Apple New Silicon Initiative:  VLSI Design and Fabrication

The Apple New Silicon Initiative at Prairie View A&M University aims to cultivate VLSI design and fabrication talent. Developed in partnership with Apple, the program introduces students to chip design concepts early in their academic journey, equips them with essential skills for next-generation chip development, and provides a supportive ecosystem including lab facilities, guest lectures, and mentorship. The curriculum, co-created with Apple experts, ensures alignment with industry standards. Faculty receive training to integrate industry-relevant content into courses. A vibrant Computer Hardware and VLSI Design club promotes collaboration and innovation. The initiative empowers students with hands-on experience, internships, and scholarships. Through this comprehensive approach, the initiative prepares a diverse cohort of future innovators poised to shape the technological landscape.  Click link to learn more.

Quantum and Nanomaterials and Devices

The Quantum-aware Complex-valued Neural Networks Design and Implementation project stands at the forefront of cutting-edge research, poised to revolutionize the intersection of quantum computing and artificial intelligence.

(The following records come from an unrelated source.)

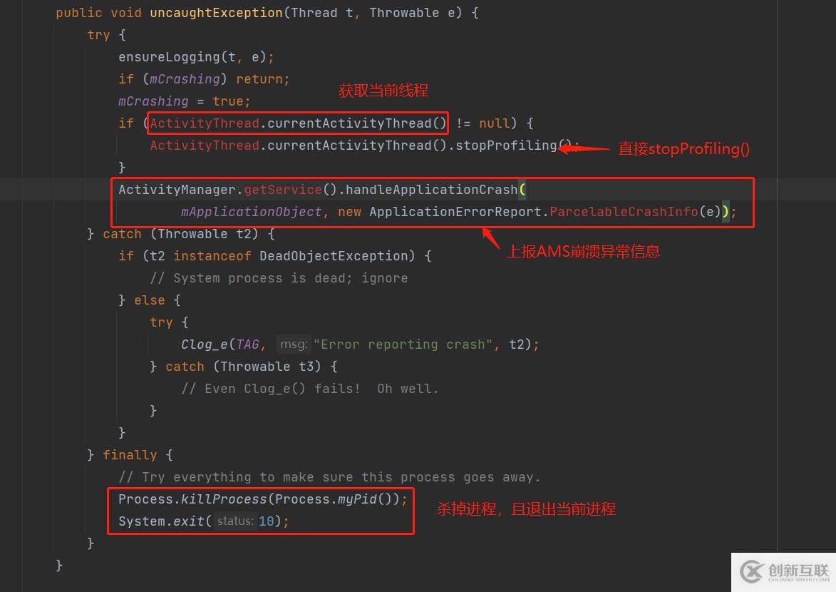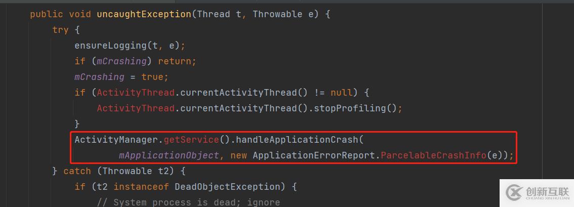 小總結(jié)在上面的源碼分析步驟7我們知道了,在KillApplicationHandler的uncaughtException()方法里,最終異常信息有一個(gè)AMS上報(bào)過程:
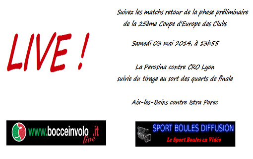 A suivre, Samedi prochain 3 Mai 2014 : 2 Directs vidéo : Matchs Retour AIX LES BAINS (FRA) - BK ISTRA POREC (CRO) et S.B. LA PEROSINA (ITA) - CRO LYON (FRA)
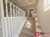 Exteriér domu je stejně působivý jako jeho interiér. Udržovaná zahrada nabízí harmonické spojení zeleně, okrasného jezírka a relaxačních zón. Pergola navazující na kuchyni vybízí k letnímu posezení, zatímco druhá terasa přístupná z obývacího pokoje poskytuje další prostor pro odpočinek. Celý pozemek je citlivě ohraničen zděným plotem, který zajišťuje absolutní soukromí.
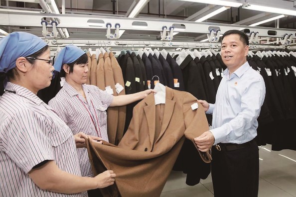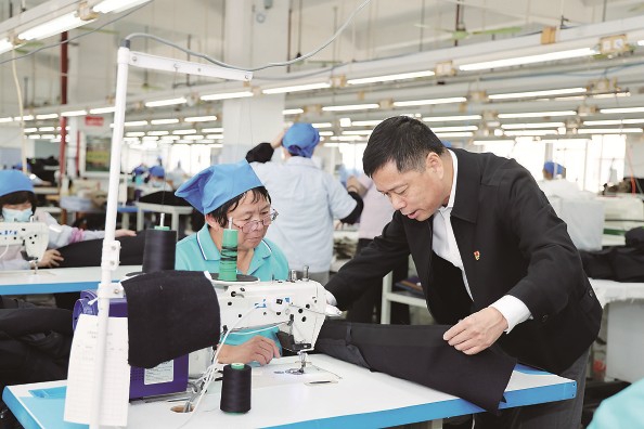 图为李长虹正在确认出厂衣服品质
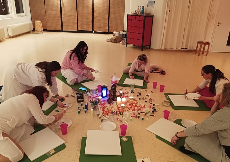 In unserne Treffen fließen wir durch Embodiment-Übungen, meditieren, lachen und sprechen frei - alles im Fluss des Moments. Die entstehende tiefe Verbundenheit in einem Frauenkreis ist überwältigend und natürlich, ein Wissen, das schon unsere Ahninnen teilten. Die Kraft dieser Erfahrung lässt sich kaum in Worte fassen.
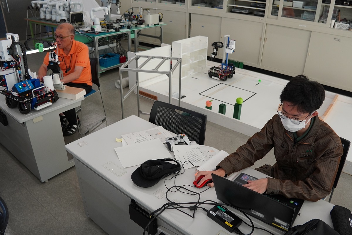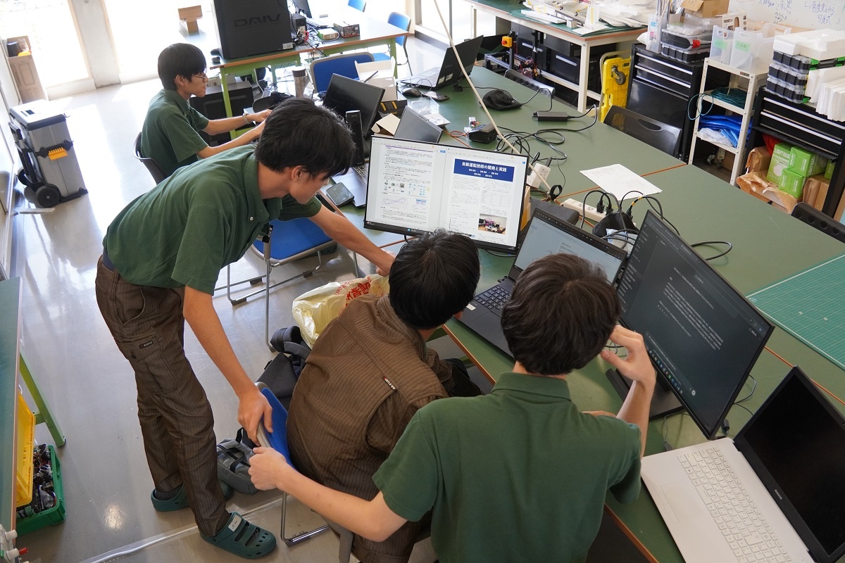 今日は2年生が総合実習でした。 9月26(金)~28日(日)、1年生・2年生「自律飛行ロボットの開発と実践」班は、東京都蒲田の工学院アリーナにて開催された第21回全日本室内飛行ロボットコンテストに出場しました。一般部門にエントリーしましたが、今年はとても多くのエントリーチームがあり、3次審査まで頑張り、2チームとも本戦に出場することができました。
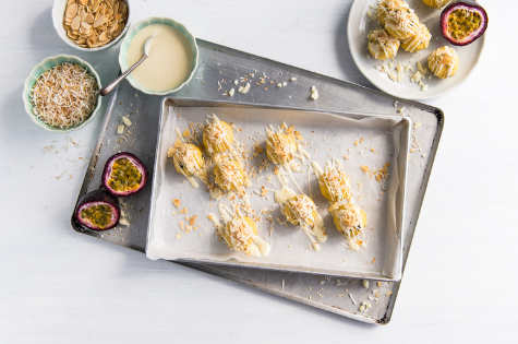 - Scoop the passionfruit chocolate onto a baking paper lined tray. Use clean hands to roll into balls. Refrigerate the formed truffles for 1 hour.
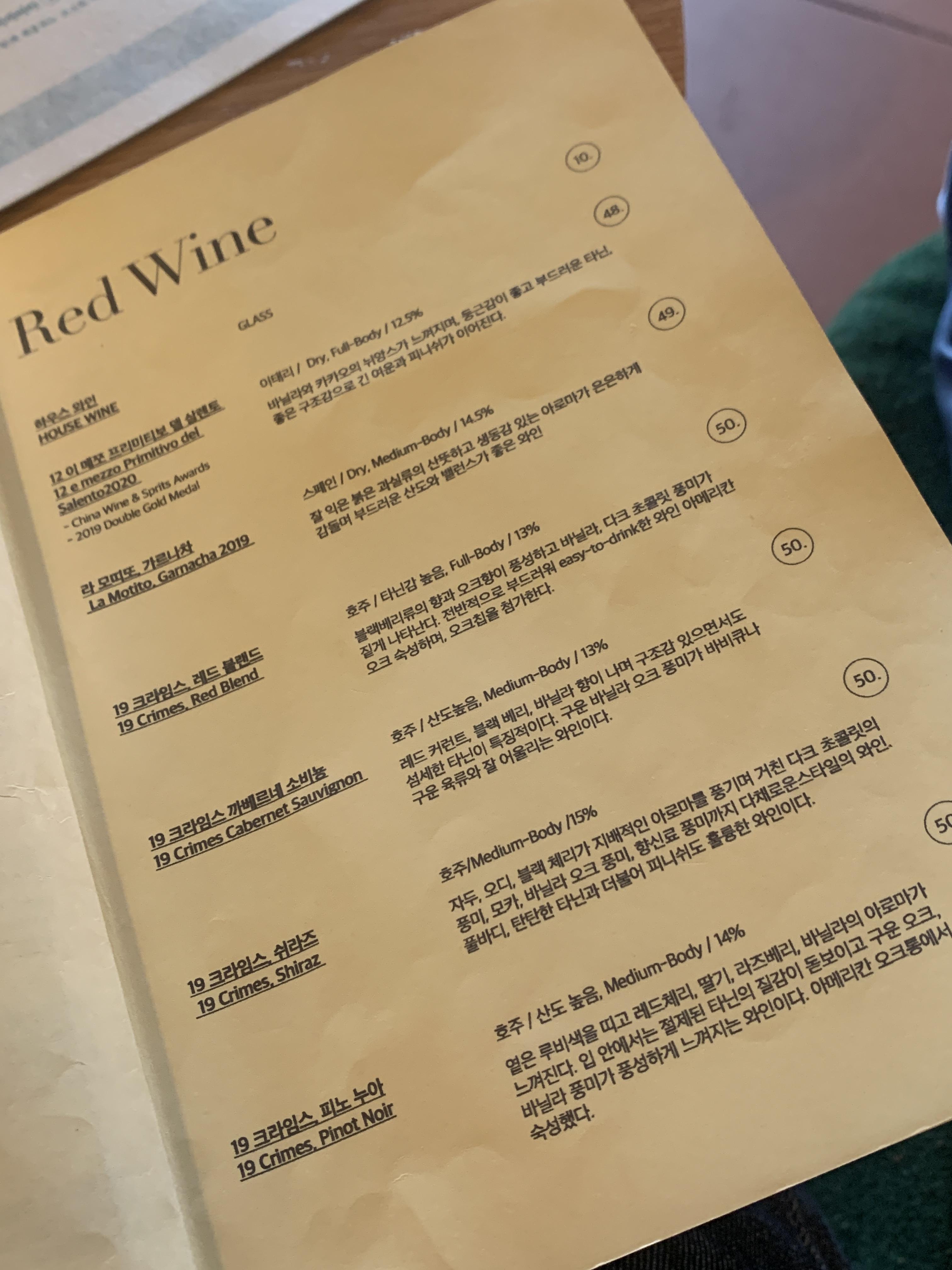 와인 가격은 5만 원 대의 와인들도 있어서 좋았어요.

Supported by the prestigious IBM-HBCU Quantum Center, this ambitious initiative embodies a holistic approach, intertwining advanced research, curriculum development, and community outreach to propel innovation and foster inclusivity in the scientific landscape.

At its core, the project delves into the realm of complex-valued neural networks, leveraging the inherent capabilities of quantum computing to transcend the limitations of classical computing paradigms. By harnessing the principles of quantum mechanics, researchers aim to engineer neural networks capable of processing and analyzing complex-valued data with unprecedented efficiency and accuracy.

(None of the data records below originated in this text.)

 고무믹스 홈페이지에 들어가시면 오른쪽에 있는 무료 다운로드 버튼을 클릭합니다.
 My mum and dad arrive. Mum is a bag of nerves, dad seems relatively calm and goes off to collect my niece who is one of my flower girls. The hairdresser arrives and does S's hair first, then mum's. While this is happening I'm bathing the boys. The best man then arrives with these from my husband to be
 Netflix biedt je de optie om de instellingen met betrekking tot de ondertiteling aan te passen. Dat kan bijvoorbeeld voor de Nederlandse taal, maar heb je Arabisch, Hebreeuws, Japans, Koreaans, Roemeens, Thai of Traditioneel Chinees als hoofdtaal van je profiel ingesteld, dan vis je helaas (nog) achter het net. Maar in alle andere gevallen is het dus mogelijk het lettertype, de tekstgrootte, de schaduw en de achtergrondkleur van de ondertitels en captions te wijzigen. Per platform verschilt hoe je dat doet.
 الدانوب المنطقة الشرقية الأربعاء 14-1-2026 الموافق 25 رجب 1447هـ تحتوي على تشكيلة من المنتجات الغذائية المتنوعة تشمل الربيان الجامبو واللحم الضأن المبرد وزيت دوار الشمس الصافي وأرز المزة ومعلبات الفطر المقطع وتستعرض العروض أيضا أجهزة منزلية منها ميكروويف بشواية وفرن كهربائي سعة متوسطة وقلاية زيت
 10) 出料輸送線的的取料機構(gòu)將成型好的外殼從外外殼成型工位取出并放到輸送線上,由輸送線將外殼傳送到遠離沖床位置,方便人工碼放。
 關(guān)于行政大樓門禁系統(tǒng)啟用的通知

Collaborative Effort to Build HBCU Capacity in Quantum Information Science and Engineering Education

The Collaborative Effort to Build HBCU Capacity in QISE Education project aims to enhance the educational and research capabilities of Prairie View A&M University (PVAMU),  Southern University and Grambling State University in the field of Quantum Information Science and Engineering (QISE). This initiative involves partnerships between HBCUs,  Texas A&M University at College Station, industry leaders, and government agencies to achieve several key goals:

• Curriculum Development: Creating and implementing QISE-related courses and programs at PVAMU to ensure students receive cutting-edge education in this emerging field.
• Faculty Training: Providing training and professional development opportunities for PVAMU faculty members to equip them with the necessary knowledge and skills to teach and conduct research in QISE.
• Research Collaboration: Establishing collaborative research projects between PVAMU and established QISE research institutions to foster innovation and practical application of quantum technologies.
• Resource Allocation: Securing funding and resources to support QISE education and research infrastructure at PVAMU, including laboratories, equipment, and materials.
• Student Engagement: Creating pathways for PVAMU students to participate in internships, research experiences, and other hands-on learning opportunities in QISE.

The overarching goal of this project is to build a diverse and inclusive workforce in the QISE field by ensuring that PVAMU has the capacity to educate and train the next generation of scientists, engineers, and researchers in quantum technologies.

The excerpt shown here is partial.